■ **SUPPLIED MATERIAL**
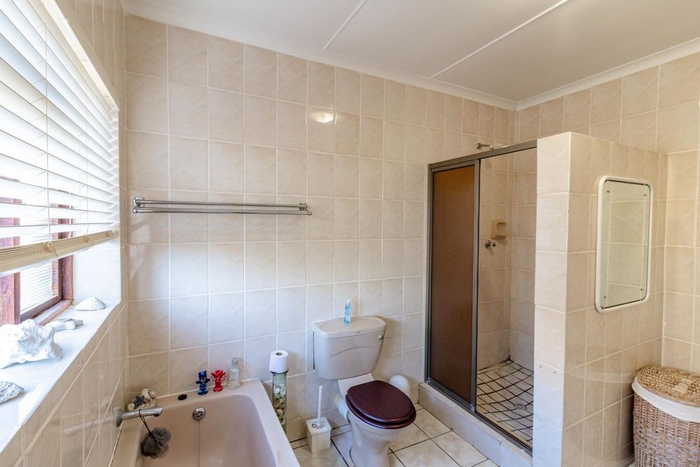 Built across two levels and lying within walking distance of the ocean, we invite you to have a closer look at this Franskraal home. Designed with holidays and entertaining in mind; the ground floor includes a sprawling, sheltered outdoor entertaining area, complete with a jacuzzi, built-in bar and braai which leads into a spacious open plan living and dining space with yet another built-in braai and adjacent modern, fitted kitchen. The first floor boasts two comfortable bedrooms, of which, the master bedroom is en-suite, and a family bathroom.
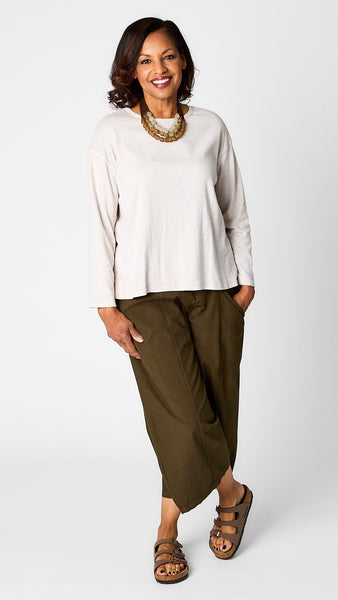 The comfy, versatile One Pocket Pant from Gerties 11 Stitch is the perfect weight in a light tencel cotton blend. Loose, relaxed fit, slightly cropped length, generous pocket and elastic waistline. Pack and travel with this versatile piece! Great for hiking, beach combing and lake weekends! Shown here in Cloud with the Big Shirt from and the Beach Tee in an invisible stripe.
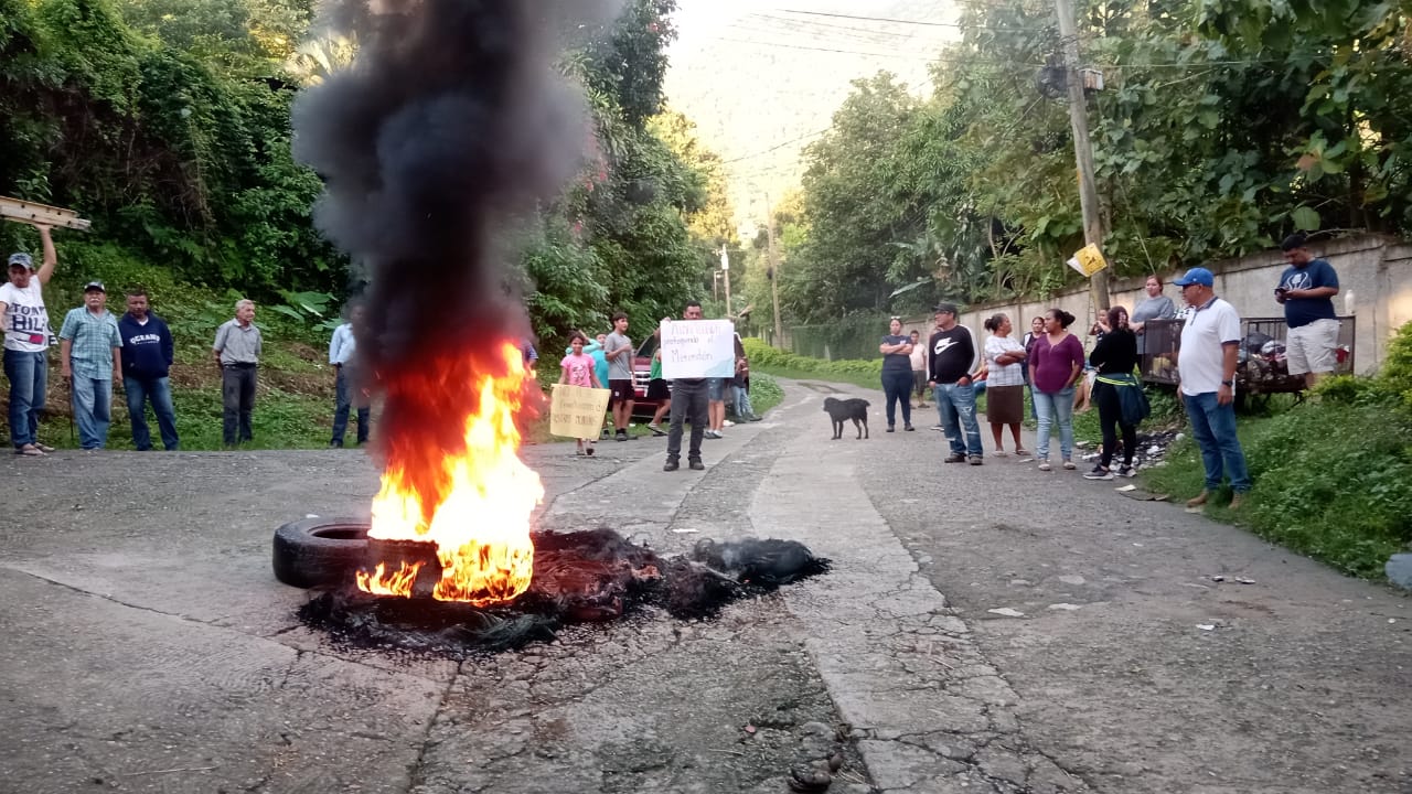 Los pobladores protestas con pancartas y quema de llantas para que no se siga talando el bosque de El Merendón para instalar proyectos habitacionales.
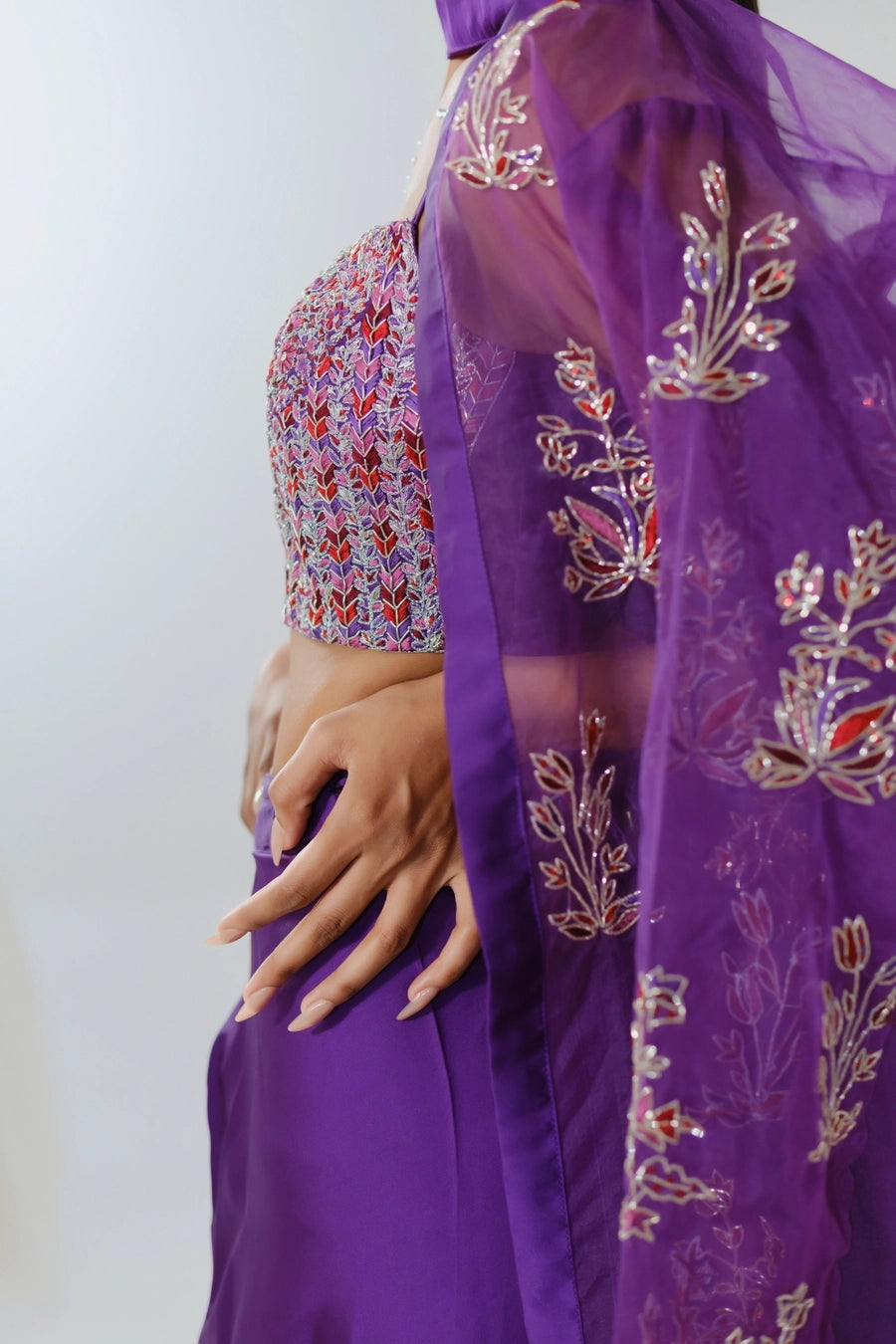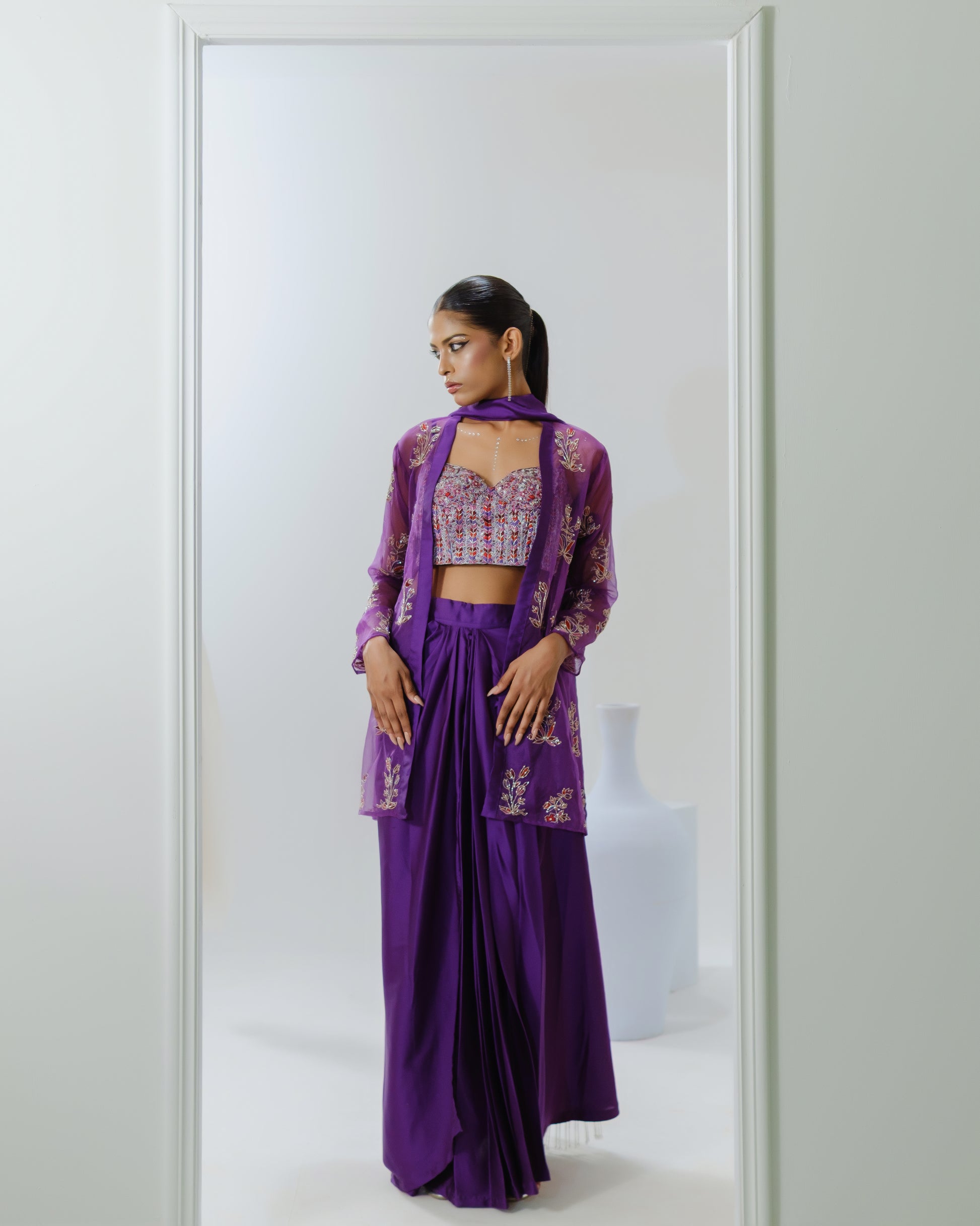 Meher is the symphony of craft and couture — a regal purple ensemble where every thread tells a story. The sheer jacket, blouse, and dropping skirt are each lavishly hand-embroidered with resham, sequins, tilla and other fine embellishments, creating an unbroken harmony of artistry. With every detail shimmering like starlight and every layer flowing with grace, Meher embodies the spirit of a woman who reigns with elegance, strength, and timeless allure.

■ **TASK TO CARRY OUT**
Do not include the pictures. Quote only the lines from the line with "The comfy, versatile" through the end of the material, both ends included, exactly.

■ **EXPECTED OUTPUT**
 The comfy, versatile One Pocket Pant from Gerties 11 Stitch is the perfect weight in a light tencel cotton blend. Loose, relaxed fit, slightly cropped length, generous pocket and elastic waistline. Pack and travel with this versatile piece! Great for hiking, beach combing and lake weekends! Shown here in Cloud with the Big Shirt from and the Beach Tee in an invisible stripe.
 Los pobladores protestas con pancartas y quema de llantas para que no se siga talando el bosque de El Merendón para instalar proyectos habitacionales.
 Meher is the symphony of craft and couture — a regal purple ensemble where every thread tells a story. The sheer jacket, blouse, and dropping skirt are each lavishly hand-embroidered with resham, sequins, tilla and other fine embellishments, creating an unbroken harmony of artistry. With every detail shimmering like starlight and every layer flowing with grace, Meher embodies the spirit of a woman who reigns with elegance, strength, and timeless allure.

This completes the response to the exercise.